Convergent and content validity were tested and compared using the correlation between each of the MAUI and the comparator (criterion) variables. Based on the correlation between them, the criterion variables were collapsed into 3 broad categories: 1) preference, 2) physical, and 3) psychosocial variables. The utility that MAUI seek to measure refers to the strength of a person’s preferences, so convergent validity was tested by the correlation between MAUI and an index of the 2 preference measures. Content validity was tested by the correlation between MAUI and indices of physical and psychosocial variables.
In each case in which an index was constructed, there was no overarching criterion for weighting the importance of each test. Results are also measured on different scales. To combine test results, each result used in an index was therefore converted to a percentage of the highest test result for that test in a disease group, and indices were constructed as the unweighted average of the converted test scores. The procedure gives equal importance to each test in the index and equal importance to the same relative differences that occur on each of the component scales.
There is also no overarching criterion for combining the indices of sensitivity and validity, but the ranking of instruments requires their implicit or explicit combination. Indicative summary scores were therefore calculated using the methodology described above; that is, the indices of sensitivity and validity for each instrument were converted to a percentage of the highest index in the disease group and the indicative score calculated as the average of the 2 converted indices.
Results
Data were obtained from 9665 individuals. Edit procedures described above resulted in the removal of 17% of the total: 9.3% as a result of inconsistencies on individual repeated questions, 4.8% because of multiple inconsistencies, and 2.9% because of the minimum time requirement. Numbers removed by edit criteria are given in country-specific reports available on the AQoL website. 47 The remaining 7933 respondents are classified by age, gender, education, and disease area in Supplementary Table S1. Patient numbers varied from 772 for cancer to 943 for heart disease. The total sample contained a similar number of respondents by country, varying from 1177 from Norway to 1460 from the United States. The use of quotas led to a demographic profile for the healthy public, which closely resembled the public in each country.

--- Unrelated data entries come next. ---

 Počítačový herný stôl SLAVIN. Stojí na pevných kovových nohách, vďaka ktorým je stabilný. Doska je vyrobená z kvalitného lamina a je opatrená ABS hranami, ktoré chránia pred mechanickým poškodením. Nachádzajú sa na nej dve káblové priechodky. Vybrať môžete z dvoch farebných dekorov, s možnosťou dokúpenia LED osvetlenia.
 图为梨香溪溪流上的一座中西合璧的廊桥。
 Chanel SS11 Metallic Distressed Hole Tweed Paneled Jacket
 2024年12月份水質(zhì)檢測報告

Summary statistics for the full survey population are reported in Supplementary Table S2. Mean utilities predicted by the MAUI for the public and total samples vary by 27% and 33%, respectively. For the total sample, the standard deviation varies by a factor of 2.08. The range of scores varies by a factor of 2.16, with minimum utilities varying from 0.3 for the SF-6D to −0.51 for the EQ-5D-5L. The EQ-5D-5L, AQoL-8D, and SF-6D assign the maximum utility of 1.00 to 19.1%, 0.35%, and 1.3% of the total respondents, respectively; 0.3%, 1.3%, and 14.7% of utilities predicted by the 15D, SF-6D, and AQoL-8D fall below 0.4.
Differences are summarized in Figure 1. This was constructed by ranking the utilities predicted by each MAUI from highest to lowest and dividing them into 100 percentile groups. The figure plots the average utility in each percentile on the vertical axis by its rank order on the horizontal axis. The 15D compresses utilities. SF-6D, and to a greater extent Quality of Well-Being (QWB), utilities initially decline very quickly but, subsequently, the curves flatten and utilities become greater than other utilities, with the exception of the 15D.

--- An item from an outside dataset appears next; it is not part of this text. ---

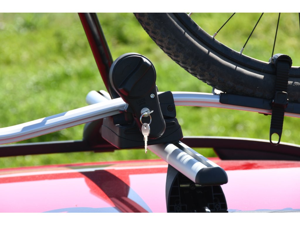 Upevnění kola se provádí jednoduše pomocí rychloupínacího držáku rámu a patek kol s upínacími přeskami. Jízdní kolo i samotný nosič jsou uzamykatelné, tím zabraňují možné krádeži.

Mean multiattribute utility by ranked percentile. Source: Richardson and others. 46
Instrument Sensitivity
Table 2 reports unadjusted differences between mean public and patient utilities. These vary from an average difference of 0.27 for depression to 0.10 for hearing loss. Differences vary significantly when they are measured by different MAUIs. From the final column, the difference varies by a factor of 3.62 for hearing loss and by a factor of 2.11 for all patients; that is, the estimated effect of curing a disease varies, on average, by more than 100% depending on the choice of instrument.
Difference between Public and Patient Mean Utilities by Disease and Multiattribute Utility Instrument
The bottom 2 rows of Table 2 indicate that, as a measure of sensitivity, the unadjusted difference in utility between patients and the public is likely to be confounded and possibly dominated by differences in the measurement scale of the MAUI. The rank order of the average difference in utilities (HUI 3 first; SF-6D last) is almost identical to the rank order of the range of observations. Consistent with this, independent analysis of the same data found, on average, that 30.3% of the difference between instrument utilities could be explained by linear scale effects. 25 The alternative measures of sensitivity—the Cohen effect size and the correlation with the DSI—take account of linear differences in the scale.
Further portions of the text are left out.